- Created by: Televisa
- Presented by: Adal Ramones Liza Echeverría
- Country of origin: Mexico
- No. of episodes: 7

Production
- Production location: Forum 2
- Running time: 1–3 hours

Original release
- Network: Canal de las Estrellas
- Release: November 4 – December 16, 2007

= Bailando por un Sueño: Primer Campeonato Internacional de Baile =

Bailando por un Sueño: Primer Campeonato Internacional de Baile (Dancing for a Dream: First International Dance Championship) is a TV show, where celebrities and dancers from different countries that had participated before in the show Bailando por un Sueño compete to win the First International Dance Championship Cup or the Nations Cup. It began on November 4, 2007 and finished on December 16, 2007, hosted by Adal Ramones and Liza Echeverría. The show was aired at 20:00 (-6 GTM) on Sunday, by Canal de las Estrellas.

== Format ==

This show was based on the format of Bailando por un Sueño. Nine couples (formed by a celebrity and an amateur dancer) competed each week against each other dancing several styles to impress a panel of judges. The judges gave to each performance a score from 1–10.
From the nine scores, there was a secret one, "The Secret Score" from one judge. It was revealed at the end of the show. Also, the highest and the lowest scores were cancelled, to eliminate favoritism.
At the end of each program, the lowest-scored couples were revealed.

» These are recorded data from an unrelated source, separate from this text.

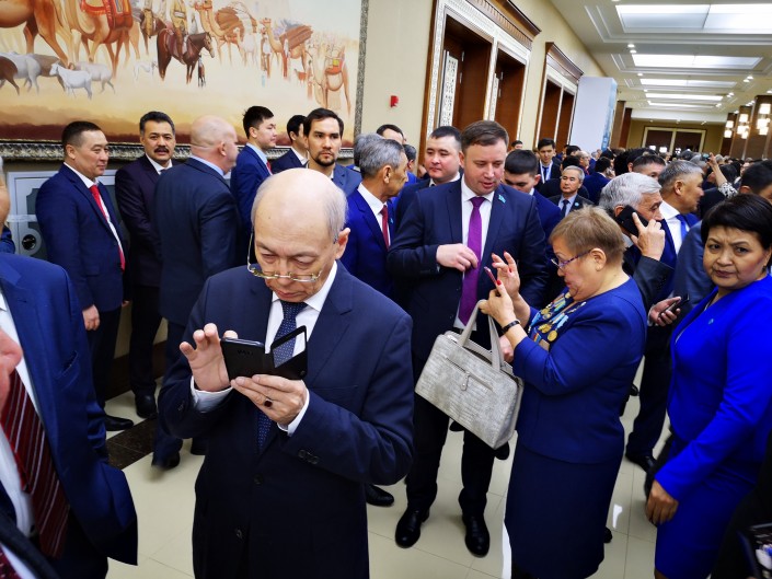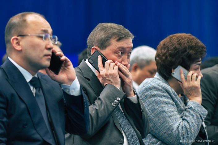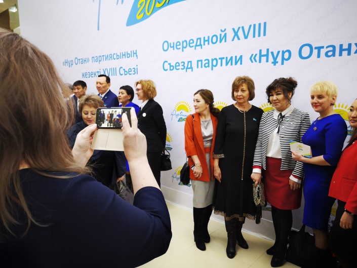 У делегатов съезда "Нур Отан" в распоряжении было более двух часов. Нурсултан Назарбаев должен был прибыть лишь к 11 утра. Ближе к 9:00 холл Дворца Независимости постепенно наполняли нуротановцы из всех регионов страны. Что они делали? А что еще делать празднично одетым людям? Конечно, фотографироваться. Нужно ли говорить, что в этот юбилейный съезд партии дамы были при параде, да и мужчины были под стать им. Не пропадать же такой красоте.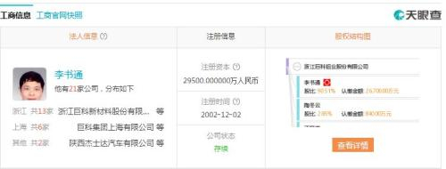 天眼查显示,2002年,李书通置换上海杰士达汽车有限公司等四家公司,于当年8月撤资回归台州,创办浙江巨科铝业股份有限公司。目前他拥有21家公司。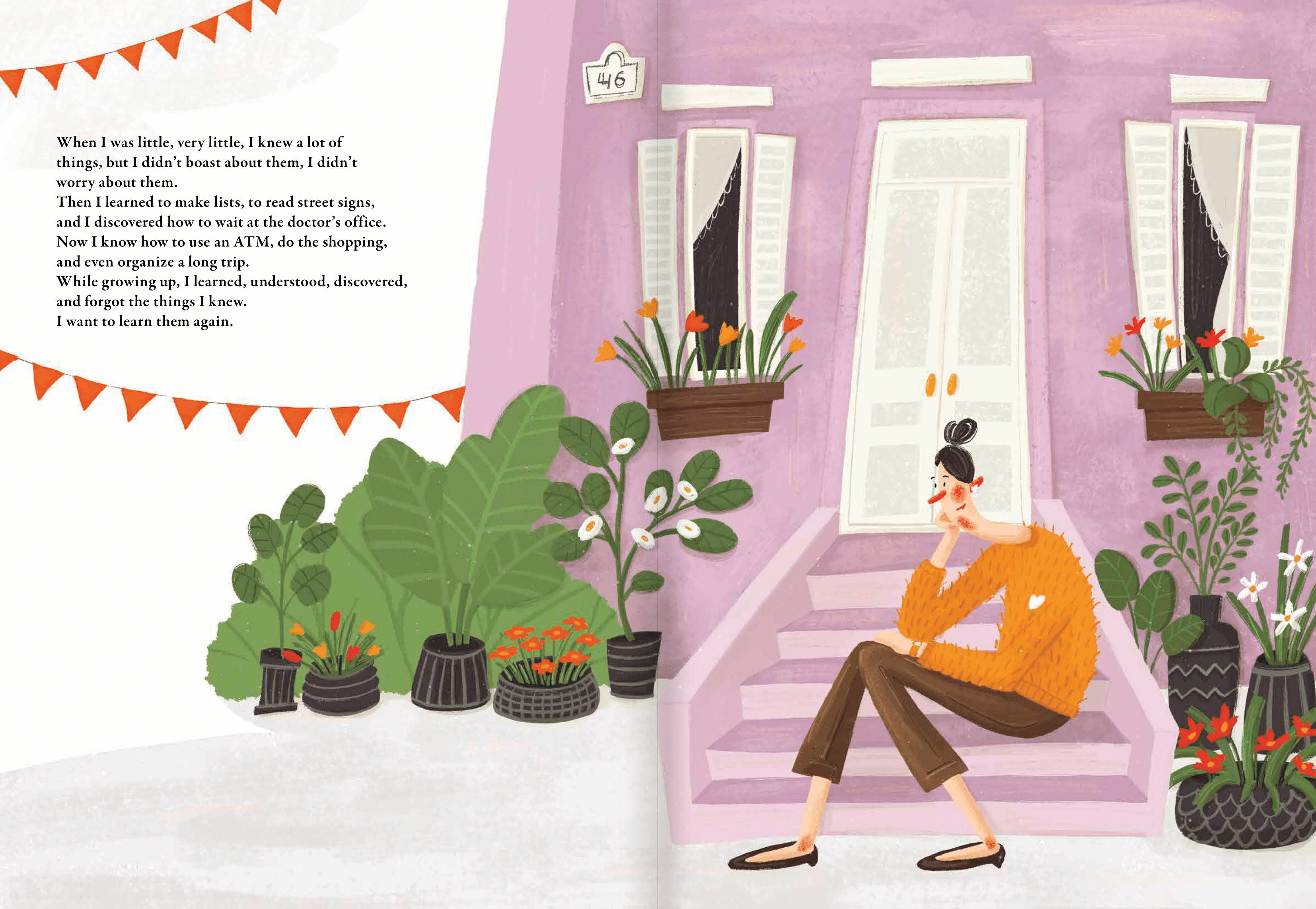 When I was little, very little, I knew a lot of things, but I didn’t brag about them, nor did I worry about them. Then I learned to make lists, read road signs, and figured out how to wait at the doctor’s office. Now I know how to use an ATM, do the shopping, and even plan a long trip. As I grew, I learned, understood, and discovered, but I forgot the things I once knew. Now, I want to learn them again. To learn again how to see, to listen, to give, to say yes and to say no, to love and to love oneself.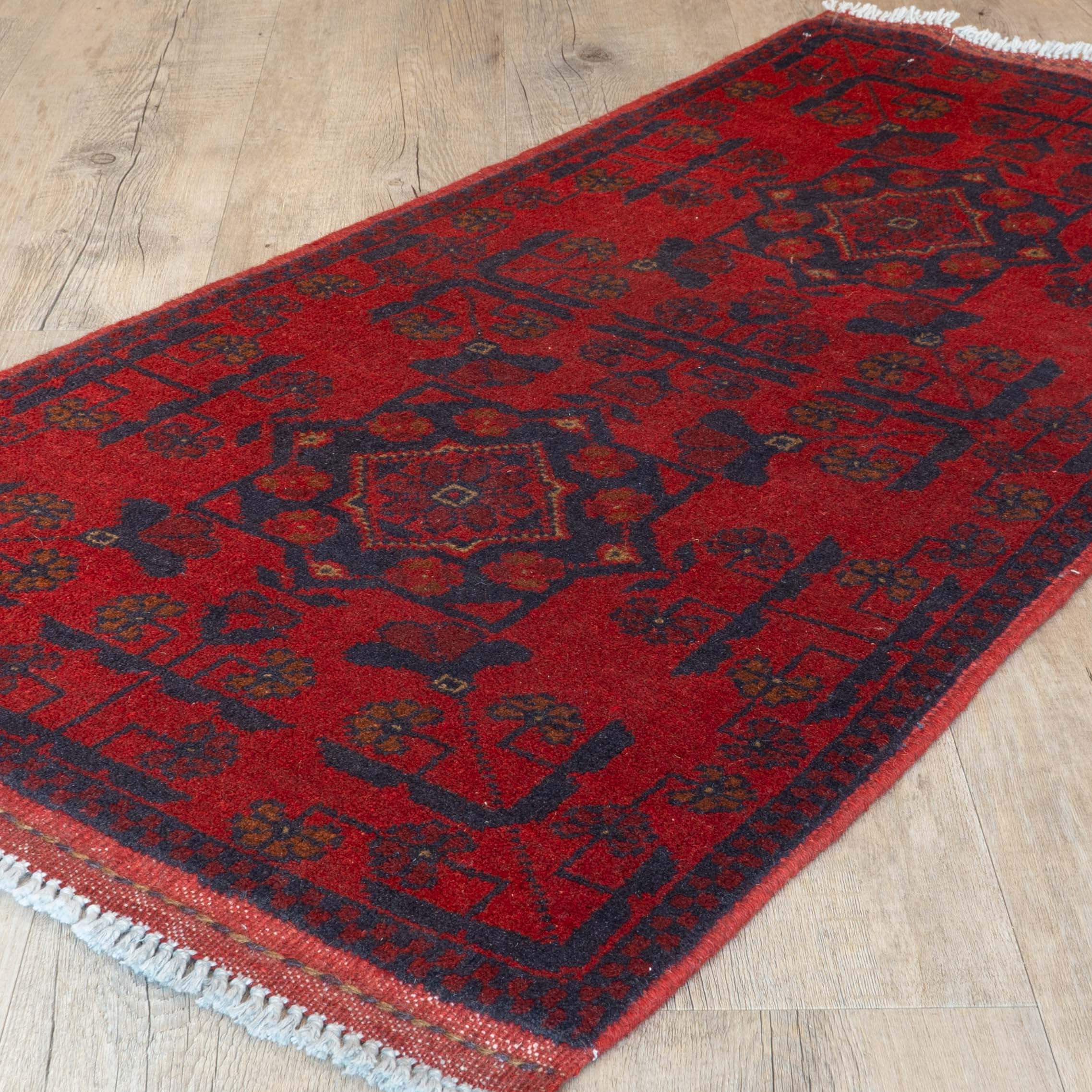 The rich red of these rugs is created from boiling the madder plant's root, which grows wild in that part of the world. They are finely knotted from wool of the Karakul sheep, which graze the mountainous terrain. The colour and design make them very practical. Some recurring motifs are guls (elephant-foot patterns and octagonal, often curvilinear flowers in dark blue, ochre, and beige. We have an extensive collection of handmade Afghan Khal Mohammadi rugs and carpets in various sizes, available online and in-store. Why not come to Tewkesbury and find a beautiful carpet that suits your needs?

If a couple received the lowest score of the week three times in a row, it will be eliminated of the competition.

== Jury ==

There was a judge for each participating country

| Country | Judge |
|---|---|
| Colombia | Rossana Lignarolo |
| Mexico | Ema Pulido |
| Slovakia | Ján Ďurovčík |
| Panama | Mireya Navarro |
| Costa Rica | Maripili Araya |
| Paraguay | Sussy Sacco |
| Ecuador | Cristina Pérez |
| Romania | Dana Rogoz |
| Argentina | Jorge Lafauci |

== Couples ==

| Country | Celebrity | Professional partner | Choreographer | Status |
|---|---|---|---|---|
| Colombia | Shirley Gómez | Mario Andrés Barrios ^{4} | Richi Sánchez | Ninth Place on December 16, 2007 |
| Panama | Renée Alejandra Celis ^{1} | Nicanor Villarreal | José Luis Jiménez | Eighth Place on December 16, 2007 |
| Paraguay | Melissa Quiñonez ^{3} | Rafael Martínez | Raúl Benítez | Seventh Place on December 16, 2007 |
| Ecuador | Juan Sebastián "Juancho" López | Shirley Jiménez | Carlos Menéndez | Sixth Place on December 16, 2007 |
| Costa Rica | Shirley Álvarez | Ricardo Granados | Rony Arauz | Fifth Place on December 16, 2007 |
| Slovakia | Patrik Švajda | Majka Lörinčíková | František Plančár | Fourth Place on December 16, 2007 |
| Argentina | Laura Fidalgo | Maximiliano D'Iorio ^{2} | Gustavo Wons | Third Place on December 16, 2007 |
| Romania | Andreea Bălan | Petrișor Ruge | Doina Botiș | Second Place on December 16, 2007 |
| Mexico | Latin Lover | Mariana Vallejo | Alejandro Martínez | First Place on December 16, 2007 |

Liza Hernández, former celebrity from Panama, withdrew from the competition in week two due to an infection in the uterus. She was replaced by Renée Alejandra Celis.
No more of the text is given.